Blue carbon covers a range of marine and coastal nature-based solutions including the restoration and creation of sea grass beds and intertidal habitats such as saltmarsh and coastal wetlands. All these habitats lock up carbon in vegetation and the soils and mud in which they grow and provide important habitats for other wildlife. They can also protect people and property against flooding from storm surges and high tides. This is a service that’s likely to become increasingly valuable as we face rising sea-levels and increasing extreme weather events.
Well managed hay meadows, floodplains, heathlands and wetlands store significant amounts of carbon in both vegetation and the soil, as well as supporting a diverse range of plants and wildlife, including vital pollinators.
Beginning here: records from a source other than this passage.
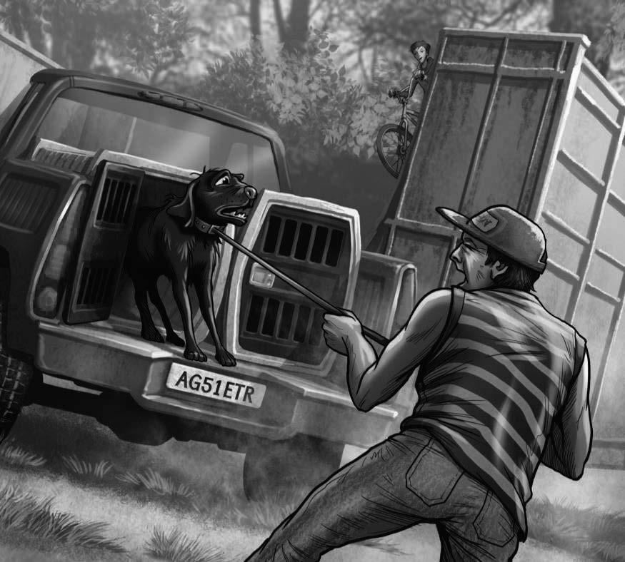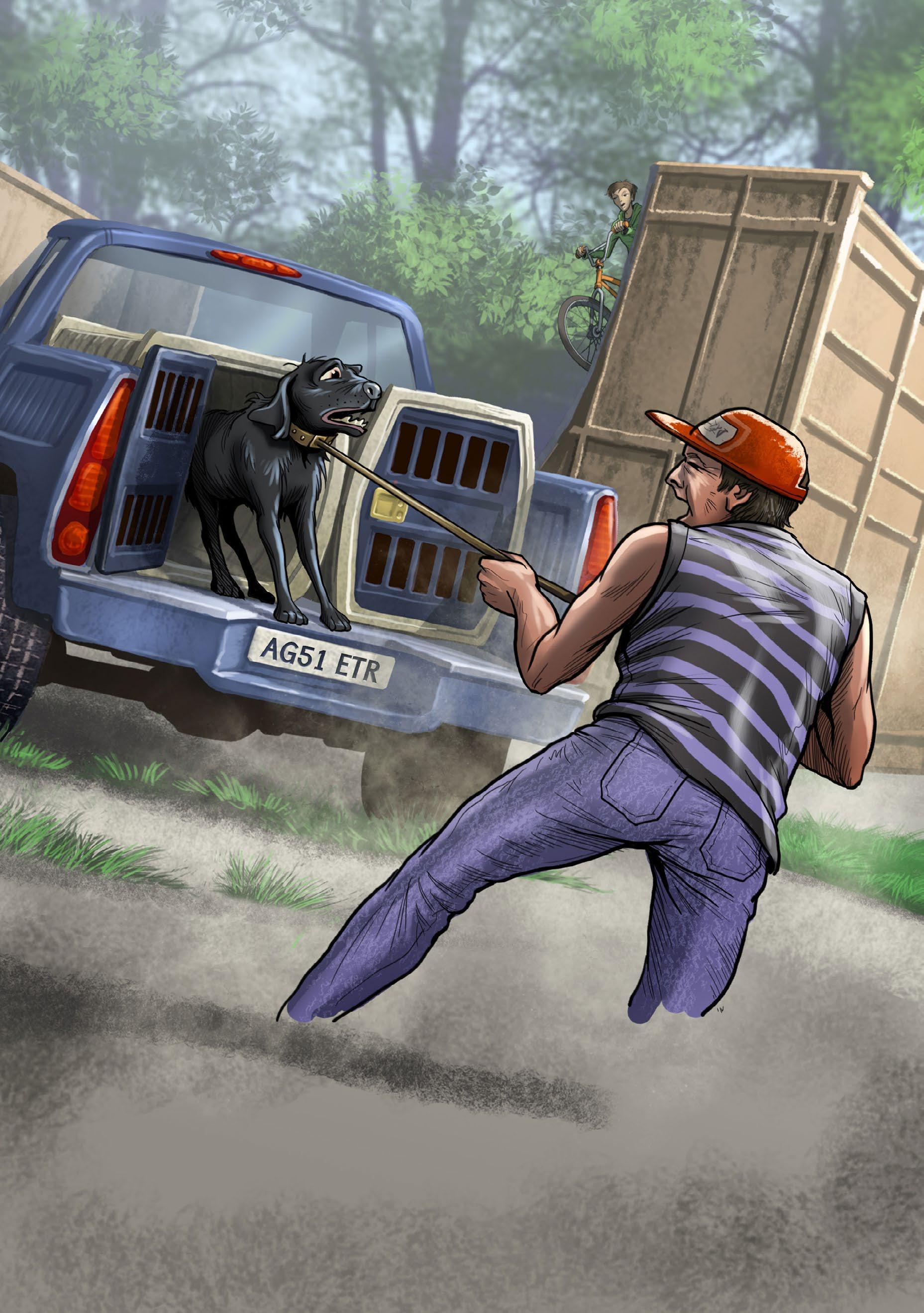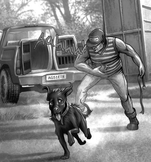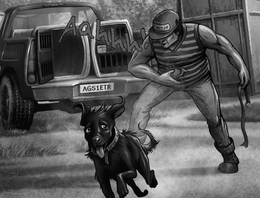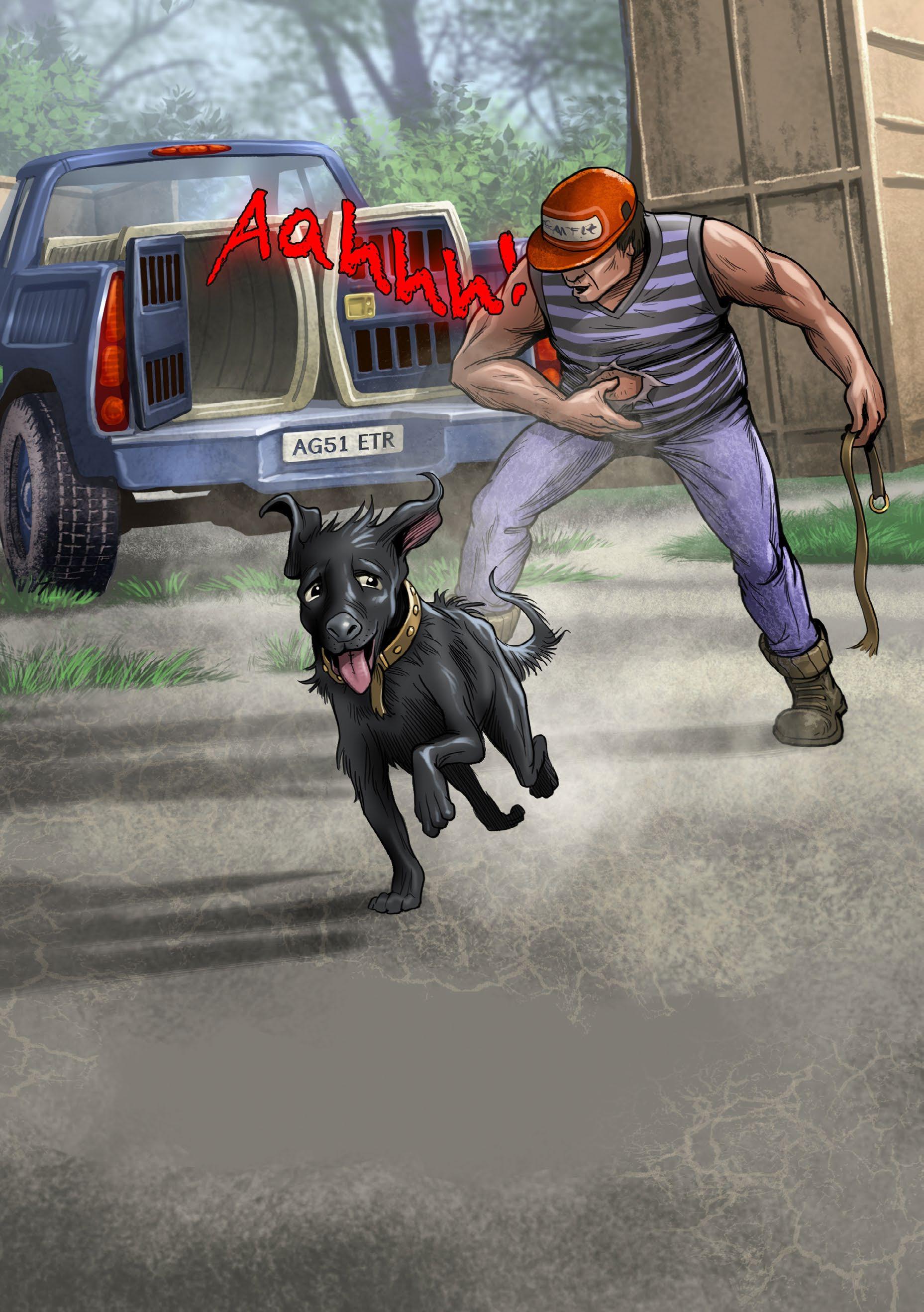 “Aahhh!” the man yells. He lifts his hand but the dog jumps and runs off. The man sets off in the van.
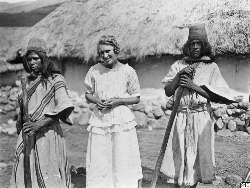 - Fru Ester Bolinder mellan två män. Byn Pauruba.
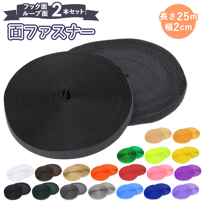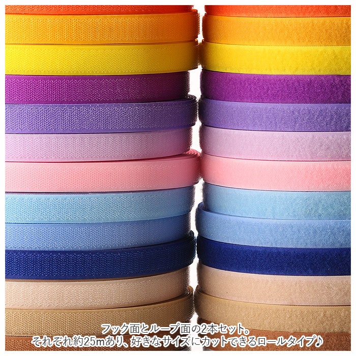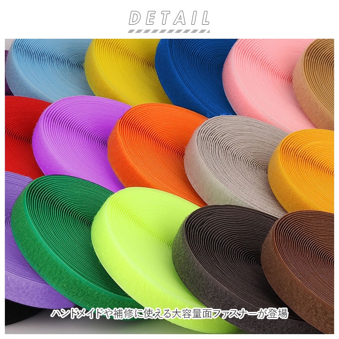 | 商品説明 | ハンドメイドや補修に使える大容量面ファスナーが登場。フック面とループ面の2本セット。それぞれ約25mあり、好きなサイズにカットできるロールタイプ♪フック面とループ面がしっかり留まる強力な接着力がポイント!繰り返し使っても接着強度を保ってくれる。手縫いでもミシンでも使用でき、手芸素材や既存製品の補修はもちろん雑貨やインテリアの補修に使うのもおススメ。ブラックやホワイトといったベーシックなカラーからオレンジやブルーといったカラフルなカラーもありバリエーション豊富。 |
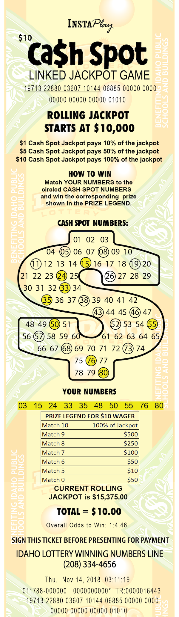 To play, just match your numbers to the circled CASH SPOT NUMBERS and win the corresponding prize shown in the PRIZE LEGEND. If you match 10 circled numbers you win 100% of the jackpot amount for the $10 Cash Spot ticket!!
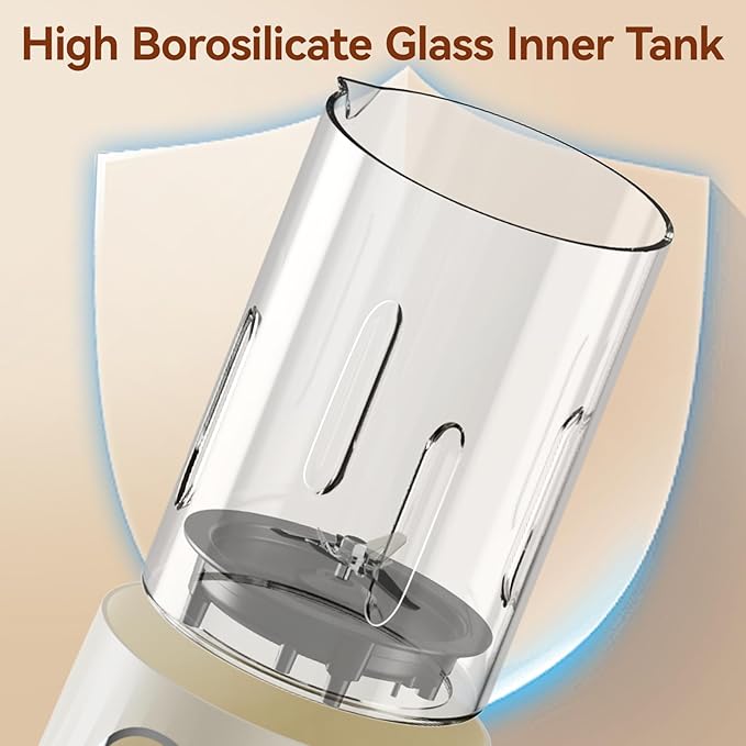 - 【FDA-compliant Material】The design incorporates an inner container made of high-borosilicate glass that meets FDA standards and a powerful 16-blade stainless steel blade system. The high-borosilicate glass inner container offers several advantages over stainless steel, including minimal odor retention, easier cleaning, superior high-temperature, resistance to scratches, and corrosion resistance. The 6-blade stainless steel blade system achieves a smoother, more refined blending effect.
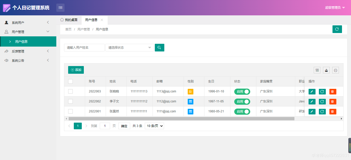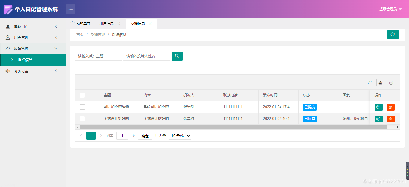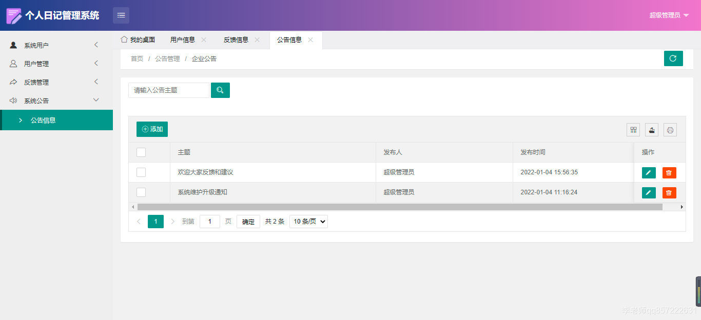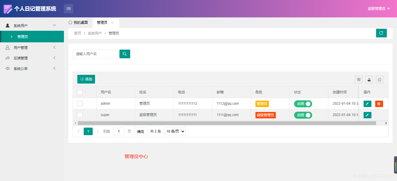 使用java+springboot+mysql开发的个人日记管理系统,系统包含超级管理员、管理员、用户角色,功能如下:
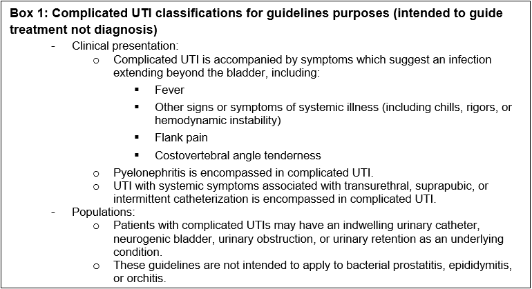 Box 1: Complicated UTI classifications for guidelines purposes (intended to guide treatment not diagnosis)

Some of these habitats are incredibly vulnerable: we have already lost more than 97% of enclosed traditional meadows. Semi-natural grasslands store more carbon than agriculturally improved ones. Therefore, protecting and restoring our remaining semi-natural grasslands will not only enhance carbon storage but benefit a wide range of wildlife and preserve an important cultural aspect of our landscape.
In order to identify how we can make best use of nature-based solutions RSPB has identified key areas of the UK that are already important for both carbon and nature and which should be protected and managed appropriately. You can read more about this work here and here. We are currently developing our understanding where the best places across the UK might be to create new nature-based solutions and we hope to publish this work shortly.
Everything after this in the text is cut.